Наш режим питания кажется нам абсолютно незыблемым, и трудно даже представить, что в прошлом он очень серьезно менялся. В Англии XII века главная еда суток приходилась на десять утра, но в дальнейшем она постепенно сдвигалась все ближе к вечеру. В XVIII веке британцы плотнее всего ели между двумя и четырьмя часами дня, а сейчас – около восьми вечера49. Этот сдвиг связан с появлением в XIX веке искусственного освещения, продлившего наш день и создавшего условия для еще одного солидного приема пищи в его середине. Результатом стал ланч, родившийся из «полдника» – легкой закуски, которой англичане эпохи Тюдоров заглушали голод между двумя основными трапезами – завтраком и ужином50.
Исторически любой прием пищи в Англии являлся зашифрованным социальным высказыванием: его время, название и меню имели сложные классовые коннотации.

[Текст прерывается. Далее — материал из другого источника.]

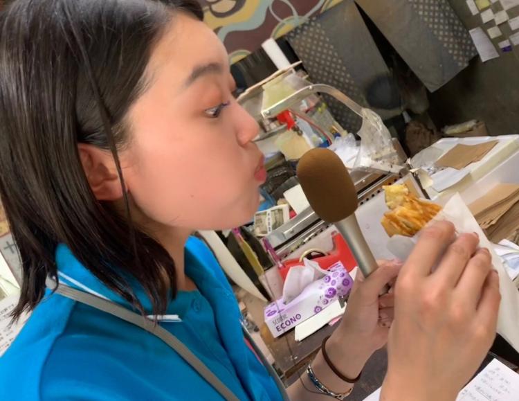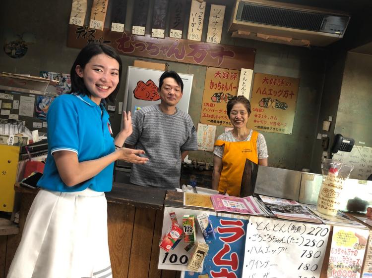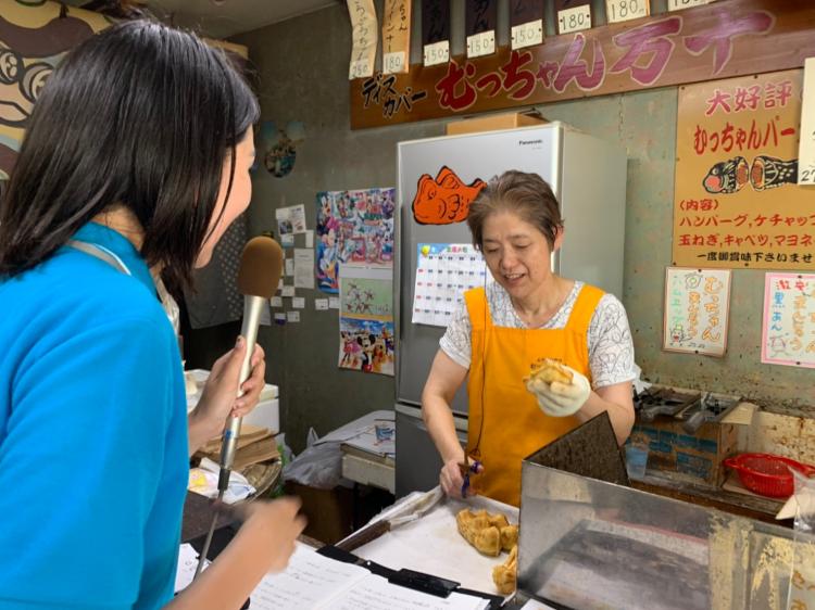 この日のハラミキは、いつもハムエッグだから初めての味を…と「ごろごろちゃん」(250円)に挑戦!「ひと口に、タコが2、3個入ってきます!」とサービス満点なたこ焼き風むっちゃんに、新境地を見出したようです。スタッフの大庭紀子さんは、この道うん十年(お察しを)。社長も「こんなにきれいに焼ける人はいない!」と太鼓判を押す、焼き手のスペシャリストです。複雑な形のムツゴロウ型は、熟練の職人でもきれいに焼くのが難しいそうですよ。
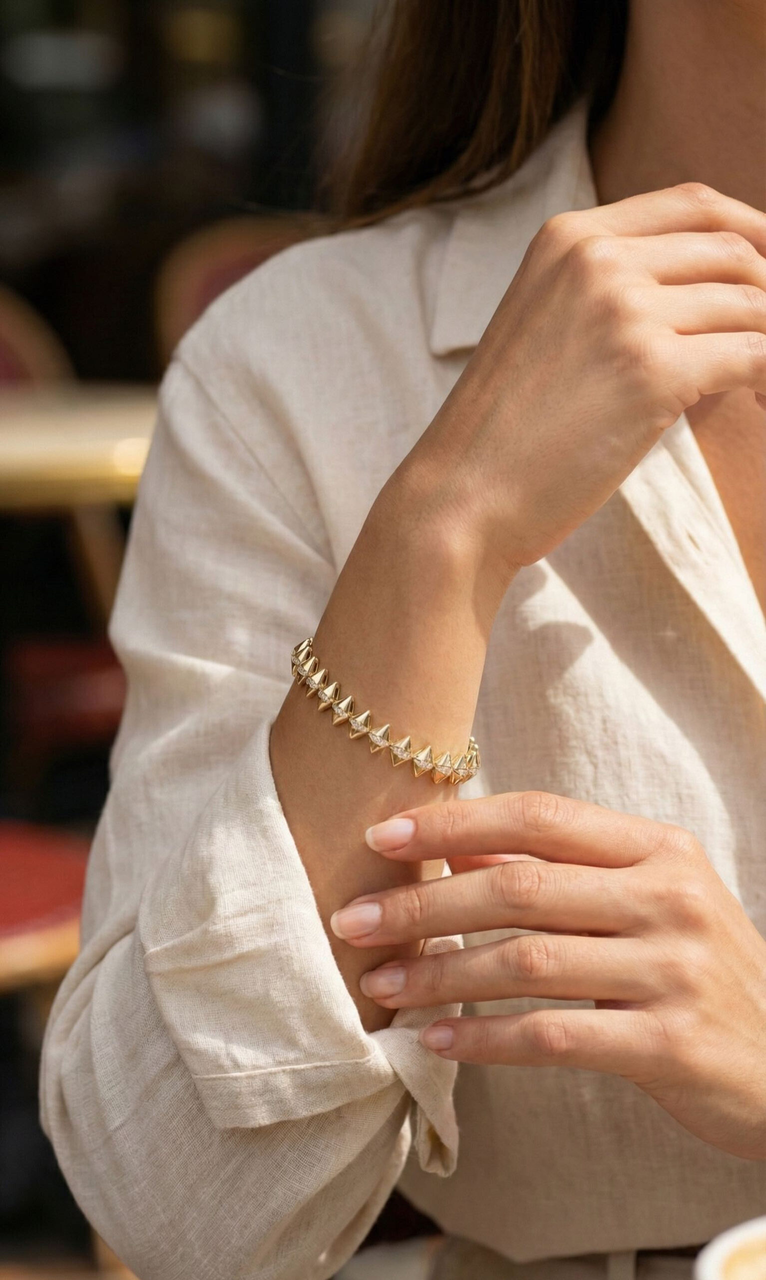 Pirinç Gold Renk Zirkon Taşlı Baklava Model Kadın Bileklik
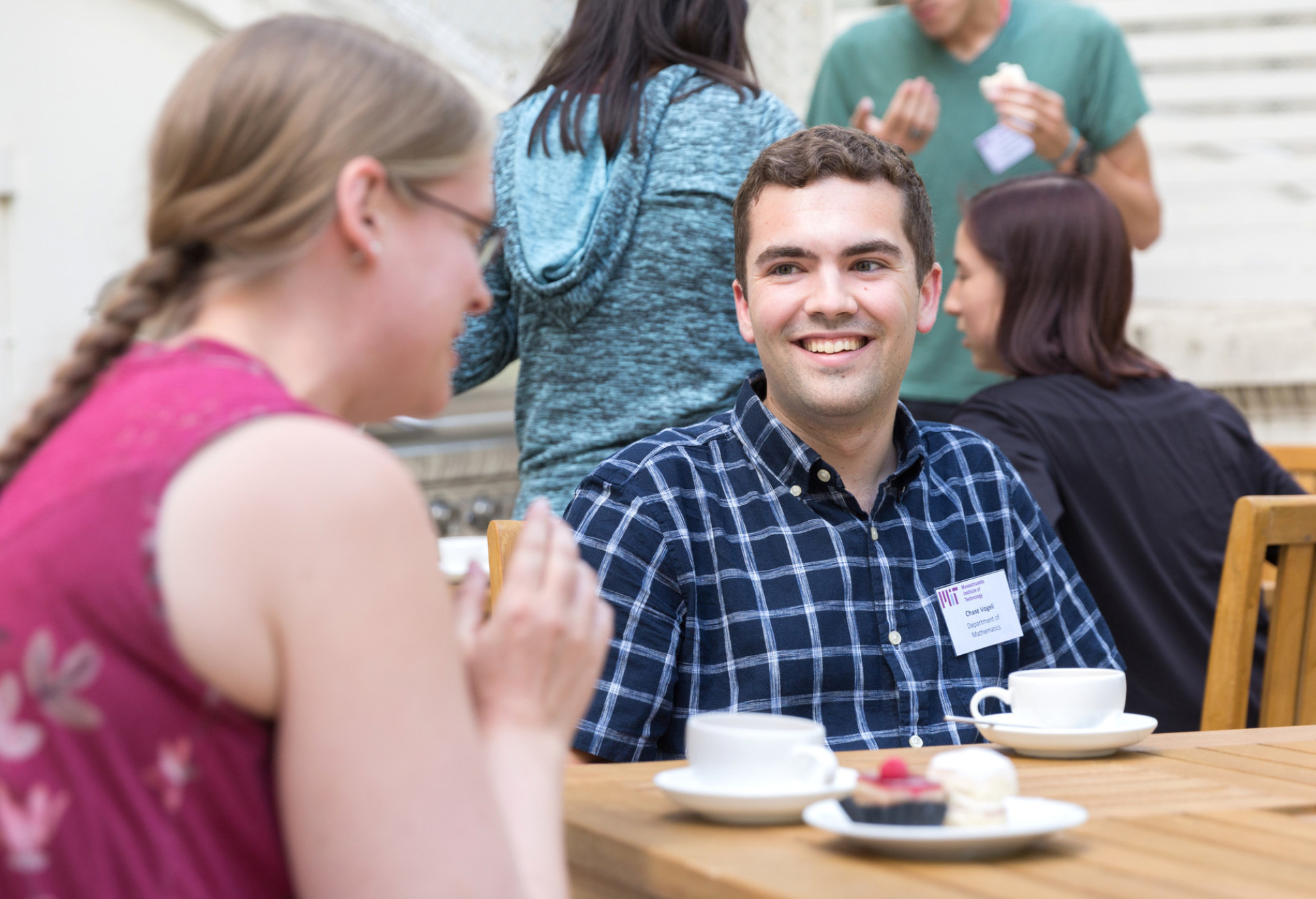 A student at an afternoon tea event
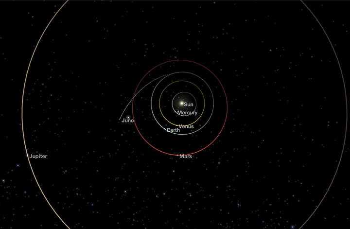 See Juno’s current position, speed and more via NASA’s Eyes on the Solar System 3D interactive. Launch the Juno module or view Juno in the standard Eyes on the Solar System interface. Additional information about the mission is available on NASA's Juno mission pages.
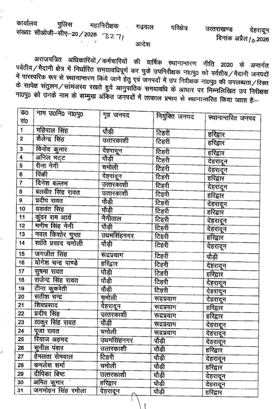 पुलिस महानिरीक्षक गढ़वाल परिक्षेत्र उत्तराखंड राजीव स्वरूप द्वारा दिनांक 10/4/2026 को गढ़वाल परिक्षेत्र के 106 दारोगाओं के स्थानांतरण आदेश जारी किए गए और गढ़वाल परिक्षेत्र के समस्त वरिष्ठ पुलिस अधीक्षक/ पुलिस अधीक्षक को निर्देशित किया गया कि उक्त उप निरीक्षक ना०पु० को तत्काल स्थानान्तरित जनपदों हेतु कार्यमुक्त कर अनुपालन से अवगत कराना सुनिश्चित करें।
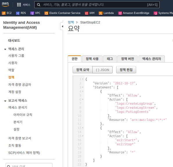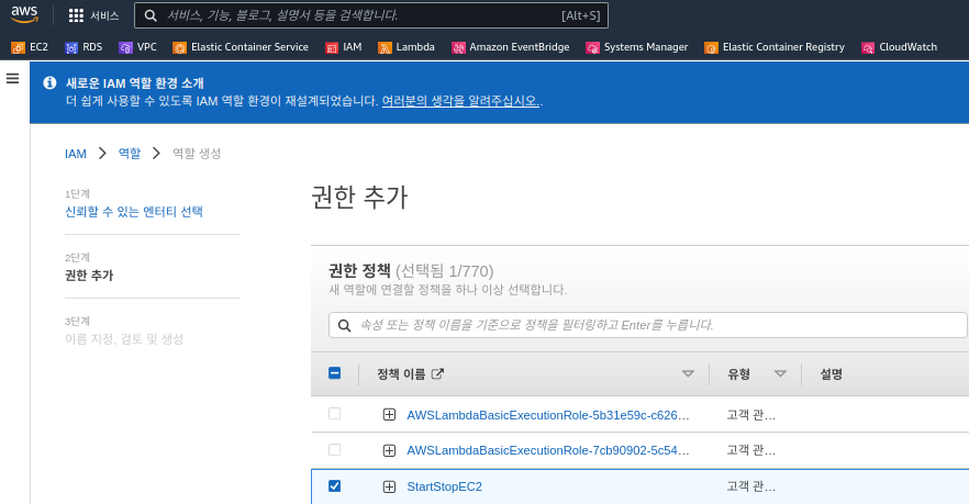 권한 정책: 방금 생성한 IAM 정책(필자의 경우 'StartStopEC2')
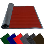 Capture dirt before it gets indoors with our Comfy Feet Dark Red Carpet Floor Mat. This doormat is crafted from high-quality polyester and scrapes off the dirt from shoes and traps it in place to maintain your clean floors, perfect for outdoor and indoor use. The ribbed design of this outdoor mat effectively captures debris and prevents excess water from spilling out onto your floors. This entryway mat has a premium construction that maintains its rich dark red appearance, ideal for long-lasting commercial use. Featuring a vinyl backing, this restaurant floor mat stays in place and promotes a safe environment at your hotel, cafe, restaurant, or other foodservice establishment. To easily clean, this entrance mat can be either vacuumed or water hosed. This office floor mat measures 36 inches long by 24 inches wide. Shipped in a 1 count box.
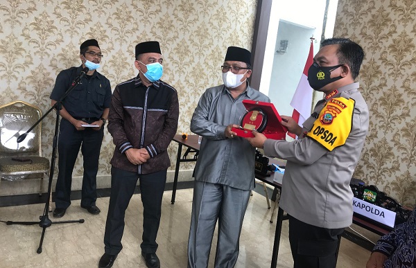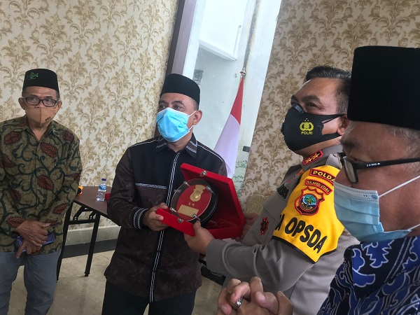 Irjen Panca Putera, menyerahkan cindera mata kepada NU Sulut.
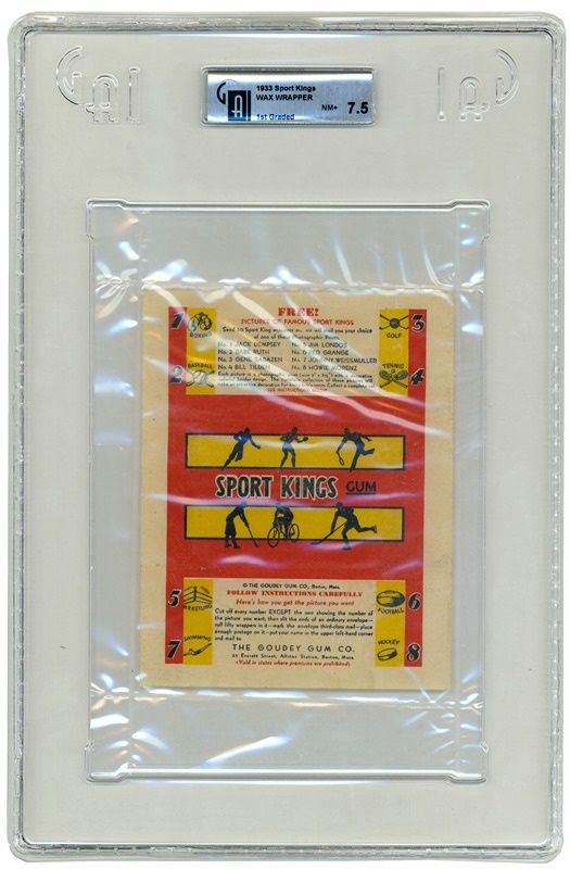 Now that GAI has started grading vintage wrappers be one of the first to jump aboard and add these little pieces of history to your collection. This wrapper is from what is easily the most desirable multi sport set of trading cards ever produced. A must have item for owners of a Sport Kings set or collection. This wrapper is in extraordinary NRMT+ condition

Дворянин в XVIII веке обычно завтракал в десять утра, после прогулки, и состоял этот завтрак из кофе и булочек. С завтраком рабочего его роднило только название: тот, как правило, начинал трудовой день на пять часов раньше, предварительно подкрепившись хлебом, мясом (или сыром) и пивом. В1936 году было проведено первое всеобъемлющее исследование структуры питания британцев: выяснилось, что к этому времени представители всех социальных классов завтракали перед работой, но их рацион диаметрально изменился. Высшие классы теперь предпочитали калорийный завтрак вроде яичницы с беконом, а бедняки довольствовались овсянкой или хлопьями51. То же исследование показало, что трапеза в середине дня – богачи называли ее «ланчем», а остальные «обедом» – в основном съедалась дома: 50-60% мужчин возвращались для этого с работы. Для всех, кроме представителей высших классов, это был главный прием пищи за день: у сравнительно зажиточных людей он состоял из мяса, картошки, овощей и пудинга, а те, кто победнее, ели рагу, сосиски или пироги. Только богачи обедали по вечерам – примерно в 7-8 часов им подавали пять перемен блюд: суп, мясо (или рыбу, или птицу), пудинг, сыр и фрукты. Остальные британцы довольствовались легким ужином в 9-10 вечера: хлебом с маслом, печеньем, сыром и кексом. У рабочих на севере страны аналогичная еда называлась «чаем», и за стол они садились в 5-6 вечера.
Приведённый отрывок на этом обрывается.